The farther lessening of the difference in material possessions by leveling down on one side as well as leveling up on the other, has lately become a very real and active question. While the inventor has seldom realized his share of production, and while the average director of industry has seldom realized more than his, undoubtedly extortionists and monopolists have rolled up fortunes out of all proportion to their deserts; and the regulation of these, though not doing much to fill up the differences, will do more to relieve the spirit of discontent.

It will be interesting to see how much of the share now going to the employer can go to the employee without stopping the employer's functions of finder, organizer and director of profitable work. We cannot intelligently foresee conditions in which these functions on his part will not be absolutely essential to the progress of society. The functions, however, are being more and more performed, even under the trusts, by men rising from the ranks; and even the men remaining in the ranks are probably performing more and more of those same functions, though some of the short-sighted policies of the unions are obstructing them.

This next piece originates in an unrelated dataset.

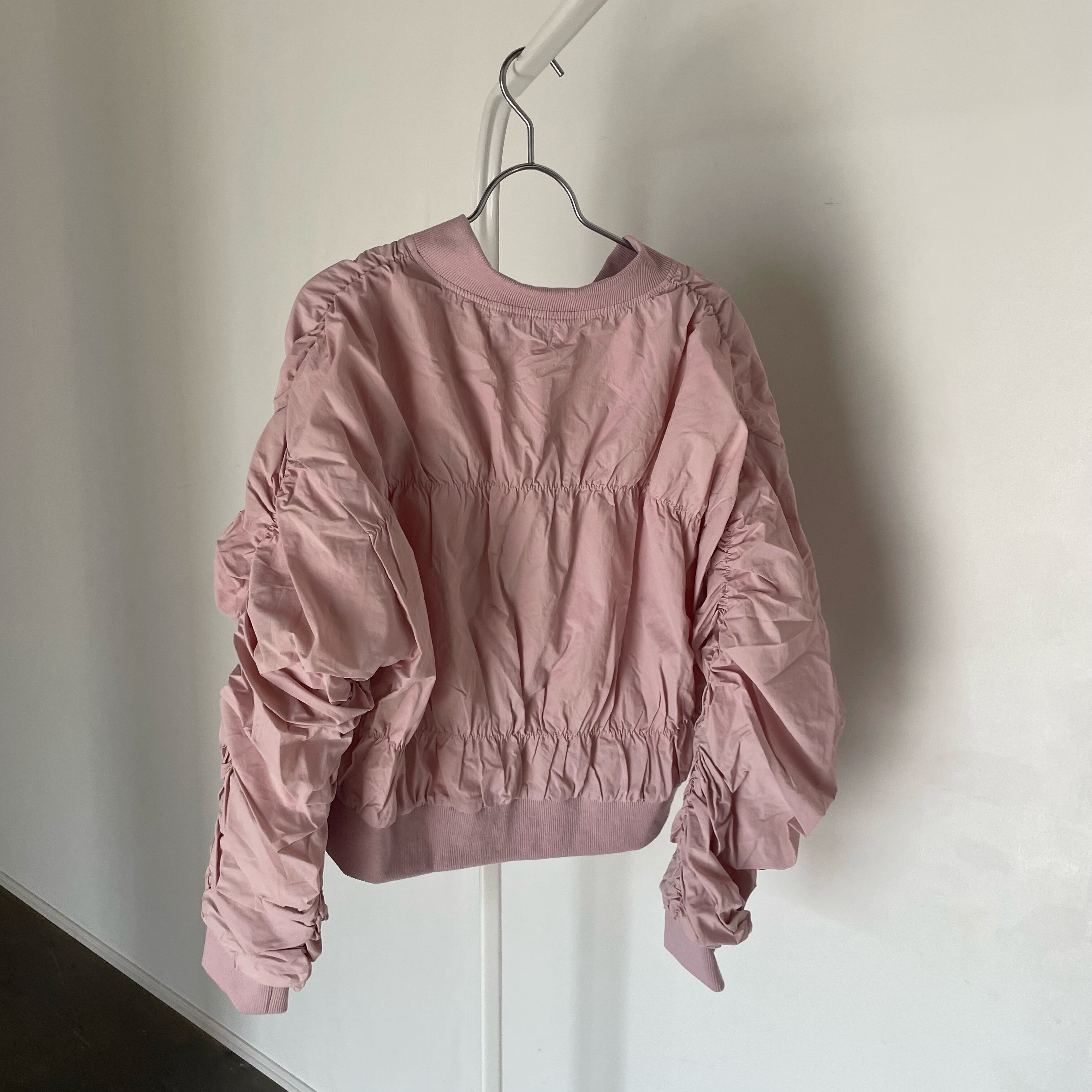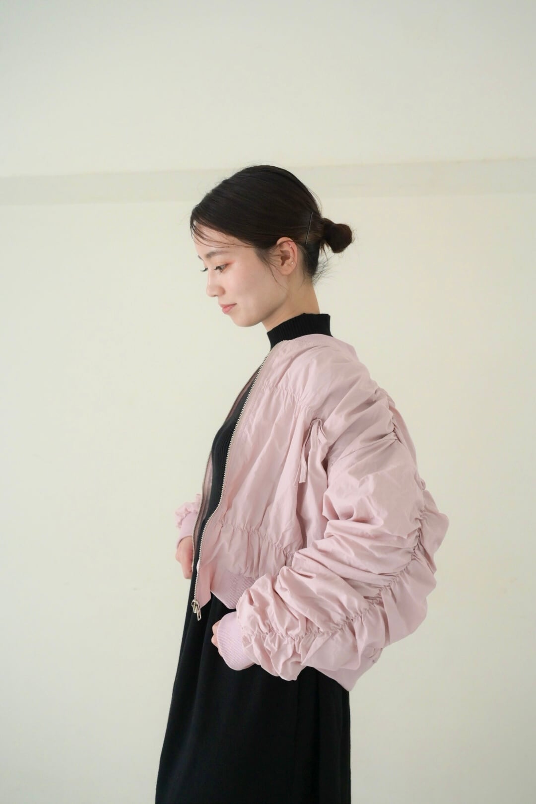 メンズライクなMA-1にリボンをあしらい女性らしさをプラス。ハリのある生地で立体感がありシワになりにくい1枚です。

And the unions themselves, despite policies not yet outgrown, have unquestionably done much to raise the wage-earners' fortunes, and are probably, with more experience and wider outlook, to do vastly more. But not until they get beyond the policy of holding their own best men back, will they enter on their full career, and then their least effective men will most benefit. Moreover, the wisest and most effective men are those most ready to learn from criticism, and when the unions realize it, they will have another avenue to usefulness. They will be helped to realize it, however, by more patience, candor and disinterestedness on the part of the critics. So far, everybody is bellicose, as first at Gettysburg. Cannot both sides to the present Irrepressible Conflict better anticipate a conciliatory disposition than did those heroes of fifty years ago?

When we can always carry the Irrepressible Conflict into courts and arbitrations and, as Godkin said, substitute for the shock of battle, the shock of trained intellects, peace will be in sight.

Its first essential is always a clear understanding. There are lies somewhere in every human conflict. Probably the most pitiful and pernicious of all lies is that all men are equal. The only remedy is to make it true.


THE MAJORITY JUGGERNAUT

During the past five years the agitation in favor of so modifying our governmental system as to remove all those barriers which stand between the will of the majority and its immediate execution has attained formidable dimensions. That the defects which American government has exhibited in many directions have been so serious and so persistent as to furnish great justification for this agitation no candid observer can deny. In both of the two ways upon which advocates of the initiative and referendum lay so much stress, our representative institutions have indeed sadly failed of being ideally representative. Venality of individual legislators, or the control of whole bodies of them by corrupt bosses, has resulted in innumerable instances of special legislation for the benefit of powerful private interests and contrary to the interests of the people. And it must be admitted that apart from any question of venality or corruption there has often been a degree of inertia in the enactment of enlightened and progressive legislation which cannot be ascribed to legitimate conservatism, but must be set down either to the unfitness of legislatures for their responsibilities or to obstacles which an extreme interpretation of constitutional restraints has unnecessarily put in its way.

Nor can it be denied that the referendum and the initiative have intrinsic value as remedies adapted to the counteracting of these two evils respectively. Given a legislature owned by special interests, or controlled by a boss, its power to give away valuable franchises or otherwise to squander the people's inheritance can be held in check by the requirement that upon proper demand such action shall be rendered subject to a veto by the people at large. And if, owing to the intricacies of party organization or to other circumstances, a legislature is stubbornly obstructive, the initiation of legislation by means of popular petition undeniably offers an instrument for the overcoming of such inertia. Were it true that the control of legislatures by private interests is on the increase, or even showing no sign of diminution; were it true that legislation for social betterment is making little or no headway; were it true that our courts show no disposition to realize that a more liberal interpretation of constitutional provisions is demanded by the changed conditions of our time; it would probably be admitted by all except a few irreconcilables that, however serious might be the objections to the remedies proposed, their adoption appears to be almost dictated by that kind of imperious necessity that knows no law.